Senior Apache Spark Technical Lead - Scala, Python

HCL Technologies

HCL Technologies

Software Engineering, IT

Posted on May 29, 2026
Job Description
Senior Apache Spark Technical Lead - Scala, Python
Ambattur, Tamil Nadu

Job Summary

Job Description: Senior Data Engineer (PySpark / Dataproc / GCP)

We are looking for a Senior Data Engineer with strong hands-on expertise in Python (PySpark) and Google Cloud Dataproc to design, develop, and operate scalable data pipelines on Google Cloud Platform. This role focuses on building reliable, production-grade data solutions across batch and streaming use cases.

Key Responsibilities

Key Responsibilities

• Design, build, and optimize data pipelines using PySpark on Dataproc

• Develop performant, maintainable Spark jobs using Python, with a strong focus on reliability and cost efficiency

• Manage Dataproc clusters, including provisioning, tuning, autoscaling, and ephemeral cluster usage

• Design end-to-end data architectures from ingestion to analytics and downstream consumption

• Collaborate with data consumers, platform teams, and stakeholders to deliver scalable solutions

• Ensure data quality, observability, and operational excellence in production environments

Skill Requirements

Required Skills & Experience

Core Skills: PySpark & Dataproc

• Strong expertise in Python, with extensive hands-on experience using PySpark

• Deep experience developing, tuning, and optimizing Spark batch and streaming workloads

• Practical experience with Google Cloud Dataproc, including:

o Cluster lifecycle management

o Initialization actions and custom configurations

o Autoscaling policies and cost optimization

o Use of ephemeral clusters for job-based execution

• Solid understanding of Spark internals (execution plans, caching, partitions, joins, shuffles, checkpointing)

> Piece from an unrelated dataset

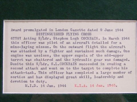 67707 Acting Squadron Leader Stephen L. Cockbain WW2 Medal Set - DFC - Distinguished Flying Cross, includes log book & other related ephemera. Presented Within Quality Mount & Frame

Google Cloud Platform (GCP)

• Strong working experience with core GCP services, including:

o BigQuery for analytics and data warehousing

o Google Cloud Storage (GCS) as a data lake

o Cloud Run for containerized data services and microservices

o Cloud SQL for relational and transactional workloads

o Pub/Sub for event-driven and streaming ingestion

• Familiarity with IAM, service accounts, and secure service-to-service communication

Programming Languages

• Advanced proficiency in Python for production data pipelines

• Experience with Scala and/or Java for Spark development is a plus

• Ability to write clean, testable, and well-documented code

Data Storage & Processing

• Proven experience designing data lakes on GCS, including:

o Partitioning strategies and lifecycle management

o Optimized file formats such as Parquet and Avro

• Strong experience integrating Spark pipelines with BigQuery

• Knowledge of data modeling concepts for analytics and reporting

Workflow Orchestration

• Experience orchestrating pipelines using:

o Apache Airflow (Cloud Composer), or

o Native Dataproc job submissions and workflow templates

• Familiarity with monitoring, alerting, retries, and dependency management

Data Pipeline Design

• Strong experience designing and developing end-to-end data pipelines

• Ability to build scalable, fault-tolerant, and maintainable systems

• Hands-on experience implementing data validation, error handling, logging, and monitoring

• Experience working with both batch and streaming processing patterns

Streaming & Event Driven Processing

• Hands-on experience with streaming data pipelines

• Practical understanding of event-based ingestion and near real-time processing

Other Requirements

1.Relevant certifications in apache spark, scala, or python are a plus
Information at a Glance

Why HCLTech?

At HCLTech, you'll supercharge your potential. You'll find your career. And you'll find your spark. All at a place that knows that helping its customers stay on top starts by putting its people first.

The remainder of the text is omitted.